Required action: Give a verbatim copy of the data, leaving the pictures out.
[[ Supplied data, beginning ]]
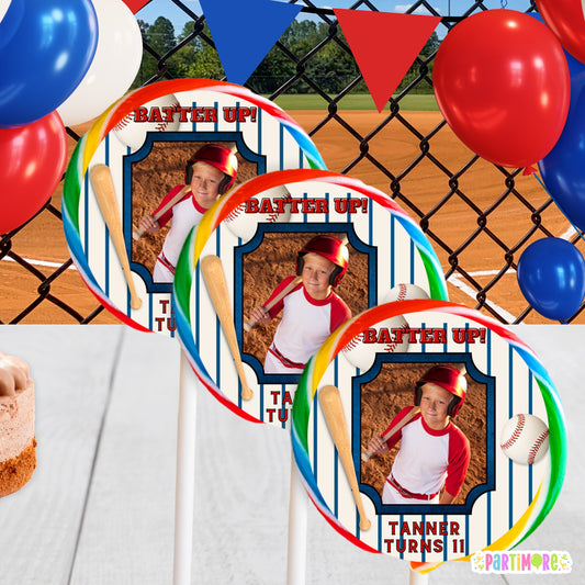 Personalized Baseball Lollipop Round Stickers | Custom Sports Party Favors
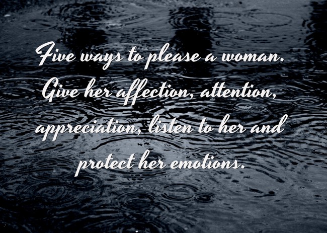 "Five ways to please a woman. Give her affection, attention, appreciation, listen to her and protect her emotions."
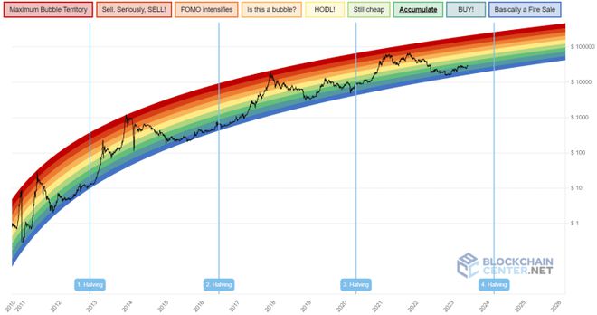 最后,Blockchaincenter.net 流行的比特币彩虹图显示,在目前的水平上,比特币处于“买入!”状态。区,最近刚刚从 2022 年底的“基本上是甩卖”区中恢复过来。
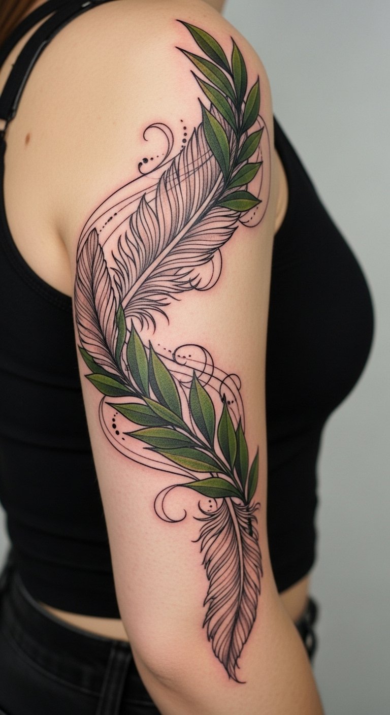 Emotionally it conveys resilience, aspiration, and graceful strength; visually it balances fine line detail in the plumes with slightly bolder laurel contours for contrast.
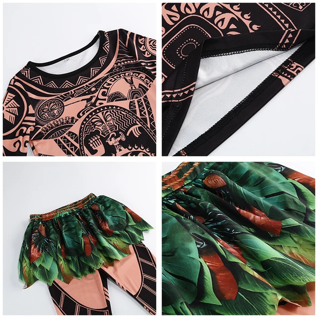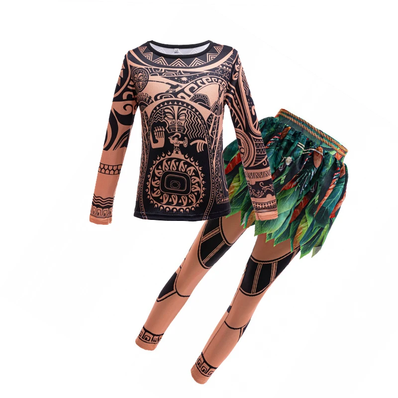 Moana 2 Maui Costume for Kids Complete Set with Tattoo Clothes + Pants Vaiana Dress for Boys Perfect
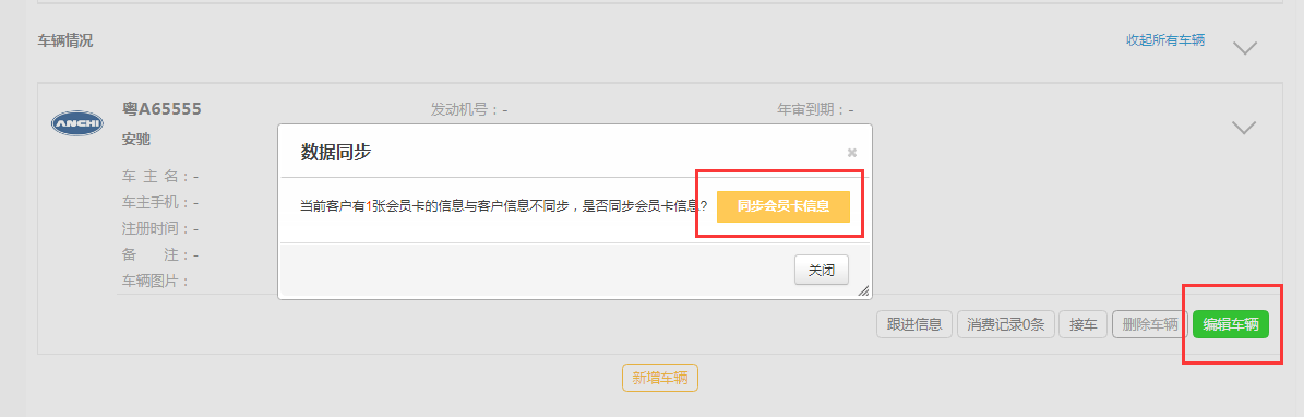 第四步:点击【保存车辆】后会弹窗提示有会员卡信息未同步,点击【同步会员卡信息】即可;
[[ Supplied data, end ]]
Your response:
 Personalized Baseball Lollipop Round Stickers | Custom Sports Party Favors
 "Five ways to please a woman. Give her affection, attention, appreciation, listen to her and protect her emotions."
 最后,Blockchaincenter.net 流行的比特币彩虹图显示,在目前的水平上,比特币处于“买入!”状态。区,最近刚刚从 2022 年底的“基本上是甩卖”区中恢复过来。
 Emotionally it conveys resilience, aspiration, and graceful strength; visually it balances fine line detail in the plumes with slightly bolder laurel contours for contrast.
 Moana 2 Maui Costume for Kids Complete Set with Tattoo Clothes + Pants Vaiana Dress for Boys Perfect
 第四步:点击【保存车辆】后会弹窗提示有会员卡信息未同步,点击【同步会员卡信息】即可;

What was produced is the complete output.